Bifurcated Attention: Accelerating Massively Parallel Decoding with Shared Prefixes in LLMs

Ben Athiwaratkun,Sujan Kumar Gonugondla,Sanjay Krishna Gouda,Haifeng Qian,Hantian Ding,Qing Sun,Jun Wang,Jiacheng Guo,Liangfu Chen,Parminder Bhatia,Ramesh Nallapati,Sudipta Sengupta,Bing Xiang
2024-07-12
Abstract:This study introduces bifurcated attention, a method designed to enhance language model inference in shared-context batch decoding scenarios.
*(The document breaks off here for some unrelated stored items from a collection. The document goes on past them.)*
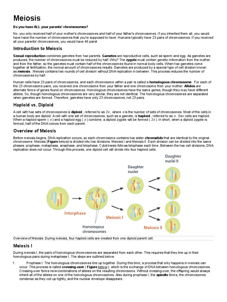 Cell division mitosis meiosis biology lecture. I was also a scientist for a few the review questions cover all of the material on the test: Name three reasons cells undergo cell division. The first answer is not clear. Based on the information provided, how do the purposes of mitosis and meiosis differ? When it won't offer you all the facts you should decide if you should pursue your business. Scientists call each group meiosis i and meiosis ii, but it is basically just two cell divisions. Daughter cells are identical to the parent cell how many eggs (ova) does a female retain from meiosis? Science olympiad mock test 1. Chromosomes carry genetic information in a molecule called dna. Home > language arts > reading comprehension > science reading comprehension > mitosis and meiosis. Meiosis i halves the number of chromosomes and is also when crossing. Mitosis versus meiosis worksheet directed reading section:
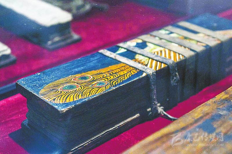 在展覽現(xiàn)場,擺放著一些格薩爾的藏文文獻(xiàn)資料,與傳統(tǒng)漢語古籍裝幀不同,藏文典籍主要采用梵夾裝形式,俗稱長條本。此次展出的包括格薩爾梵夾裝的手抄本、伏藏本、木刻本以及近六十年來正式出版的各種圖書等等,囊括了數(shù)百部格薩爾王史詩。
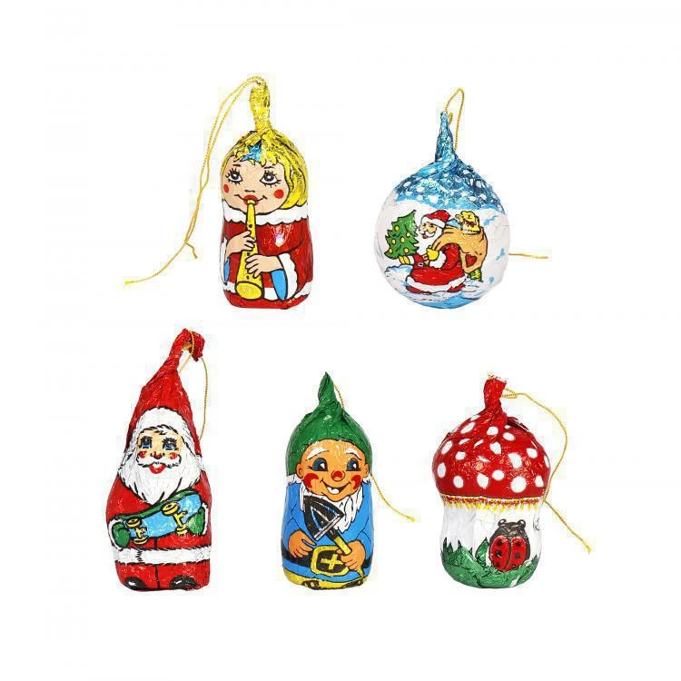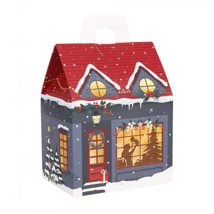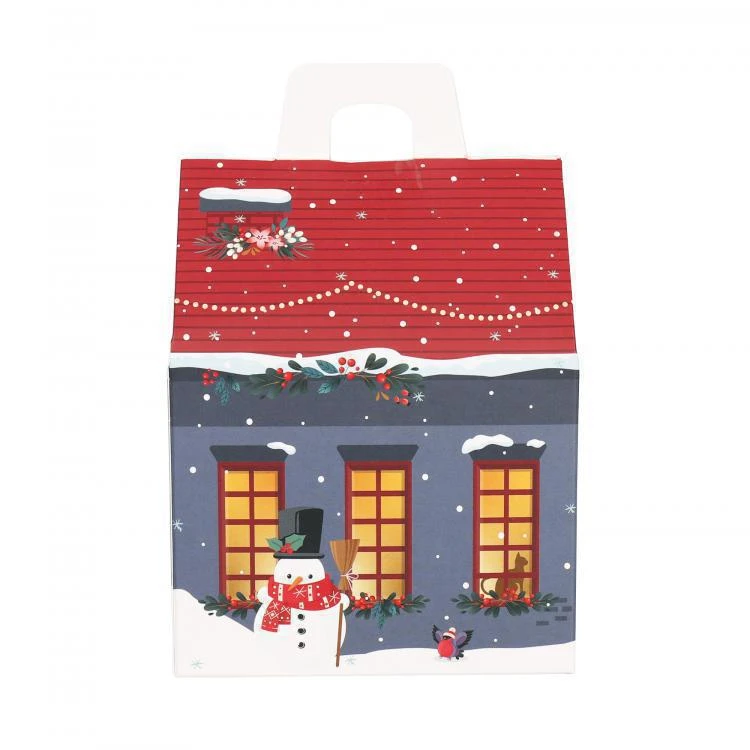 Papírový vánoční domeček plný figurek z mléčné čokolády.

Our approach addresses the challenge of redundant memory IO costs, a critical factor contributing to latency in high batch sizes and extended context lengths. Bifurcated attention achieves this by strategically dividing the attention mechanism during incremental decoding into two separate GEMM operations: one focusing on the KV cache from prefill, and another on the decoding process itself. While maintaining the computational load (FLOPs) of standard attention mechanisms, bifurcated attention ensures precise computation with significantly reduced memory IO. Our empirical results show over 2.1$\times$ speedup when sampling 16 output sequences and more than 6.2$\times$ speedup when sampling 32 sequences at context lengths exceeding 8k tokens on a 7B model that uses multi-head attention. The efficiency gains from bifurcated attention translate into lower latency, making it particularly suitable for real-time applications. For instance, it enables massively parallel answer generation without substantially increasing latency, thus enhancing performance when integrated with post-processing techniques such as re-ranking.
Machine Learning,Artificial Intelligence
What problem does this paper attempt to address?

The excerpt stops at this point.